Bir Kentte toplumsal talepler, o kentteki sosyal grupların kamuoyu gücüyle aynı orantıda gerçekleşir.
Eğer bir şehirde toplumun çeşitli katmanları arasında arabulucuk rolü üstlenen sosyal gruplar, MEDYA, STK’lar yok ise o şehirde sosyal reformların, ortak refah içeren hizmetlerin gelişi de o kadar isteksiz ve geç olur.
Kahramanmaraş’ta bu gün, bu sonuca katlanan ve bu sonucu kabullenen çağın şartlarına ayak uyduramayan sivil toplum örgütleri ve başında bulunan başkanlar çoğunluktadır.
Oda’nın ismine bakıyoruz ve teknik bir oda olarak karşımıza çıkıyor. Eylemlerine baktığımızda Oda’nın sorumluluk alanında değil daha çok siyasal alandadır. Bunun sonucu Oda asli görevinden çok görevi olmayan konulara odaklanmıştır. Ve sonuç olarak oda görevini yapmamaktadır.
Sendikalar içinde aynı durum geçerlidir. Kahramanmaraş’ta bir sendika burada kendi üyelerinin hakkını aramak ve korumak yolunda bir adım atmaz iken, kendisi ile ilgili olmayan konularda ahkam kesmektedir.
Sosyal gruplar kendi görev alanına giren hak ve menfaatleri üzerine kafa yorması gerekirken, kendi görev alanı dışında işlerle uğraşması enerjisini boşa harcamaktan öte bir değer ifade eder mi?
**
Kahramanmaraş’ta siyasi partiler, sivil toplum örgütleri, odalar, borsalar ve sendikalar, vakıflar ve diğer sosyal grupları masaya yatırdığımızda bu kurumların başında olan insanlar, o kurumları ya siyasette ve da kamuda birer basamak olarak kullanmak amacını gütmektedir.
Böylesi kısa paslaşma mantığı içinde olan bir başkan, kime ne şekilde hizmet verme imkanı bulur?
Oysa kendi sorumlu olduğu alan ile ilgili projeler üretse, öneriler ortaya koysa belki de bu bir tetikleyici olarak karşımıza çıkacak ve bu davranış biçimi diğer sosyal gruplarda da karşılık bulacaktır.
Bana ne, başkası yapsın, tarzı anlayış içinde olan ve bana dokunmayan yılan bin yaşasın diyen zihniyet yaşam buldukları şehirde sosyal barışa da, toplumsal refaha da bir katkı yapamaz.

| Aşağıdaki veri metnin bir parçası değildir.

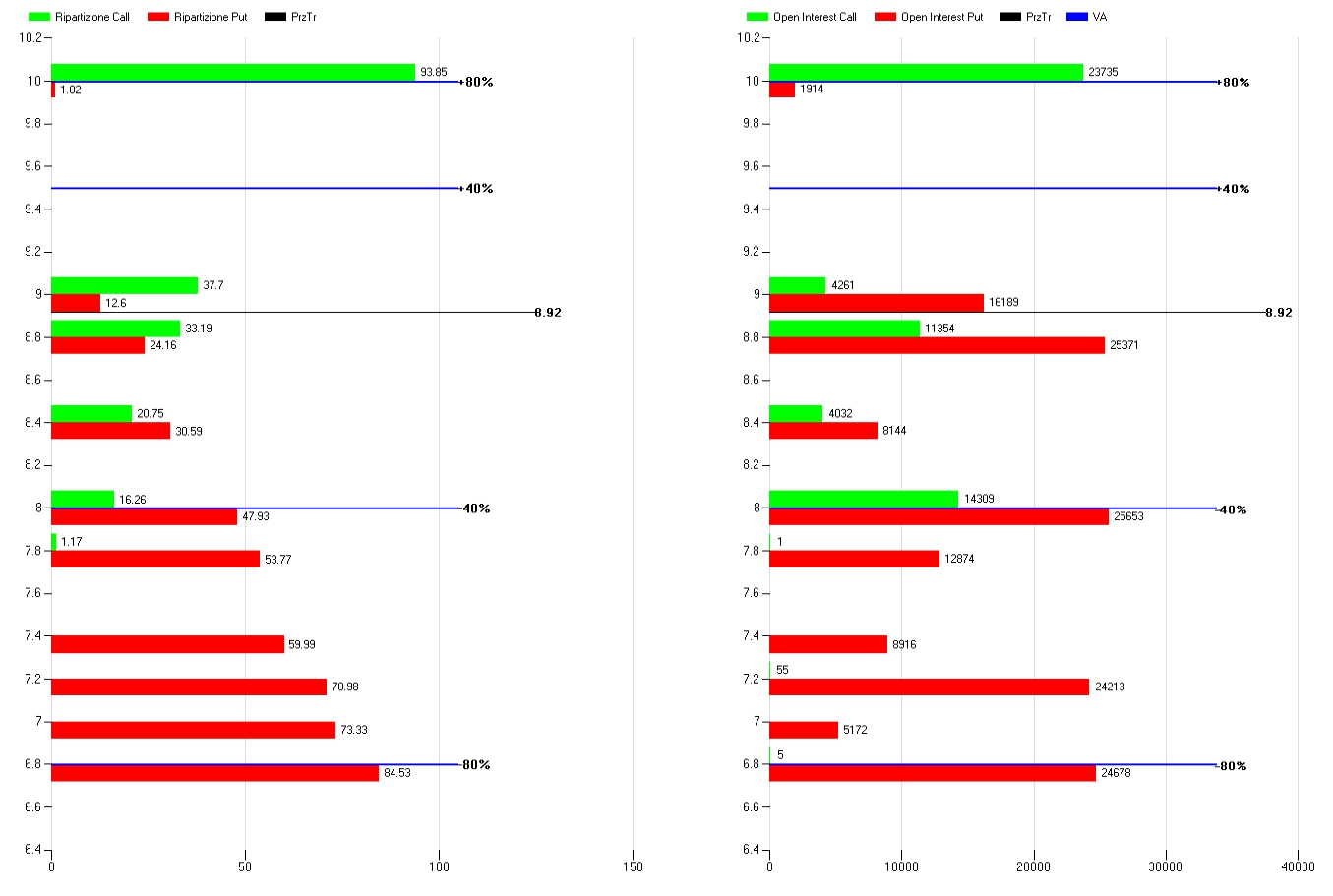 Il grafico dei Totali Open Interest conferma che gli operatori hanno piazzato numerose Put nette tra 7,8 e 6,8 e hanno dovuto ricoprire con costruzioni sintetiche le aree tra 9 e 8.
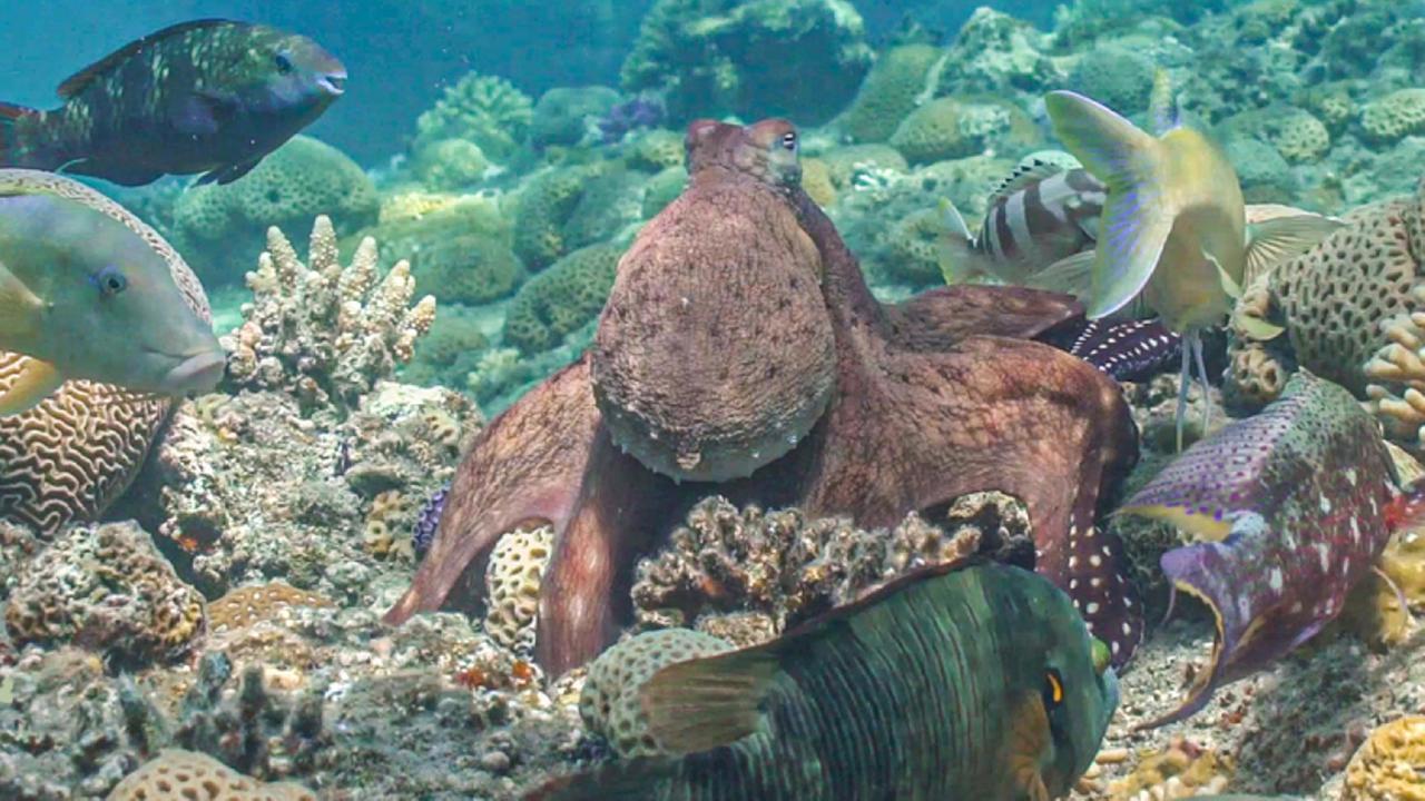 Beobachtungen im Roten Meer: Der Oktopus nimmt eine eher unübliche Führungsrolle ein.

Yapması da beklenemez.
**
MEDYA sosyal grupların harekete geçirilmesi, kurum ve kuruluşların sorgulanması ve kamuoyu oluşturulması noktasında en önemli güç ve grup olarak karşımıza çıkar.
Bu sektörün güçlenmesi, o bölgede yaşayan insanların maddi ve manevi destek vermesiyle ancak gerçekleşecektir.
Bu sağlanmıyorsa, o şehirde hiçbir ilerleme olmaz.
Kahramanmaraş’ta bu gün toplumsal refah, ortak kullanım alanların kalitesi, sayısı, trafik düzeni, asayiş, toplumsal barış gibi dinamikler sığ, sorunlar halının altına atılmış vaziyetteyse, bunun sorumlusu da bizatihi o şehirde yaşayan insanlardır.
Nemelazımcı anlayış terk edilmelidir.
Her insan gücü kadar toplumsal gruplarda yer almalı ve bu kurumların yaşaması için katkı vermelidir.
İşte o zaman Kahramanmaraş’ta hızlı bir büyüme olur….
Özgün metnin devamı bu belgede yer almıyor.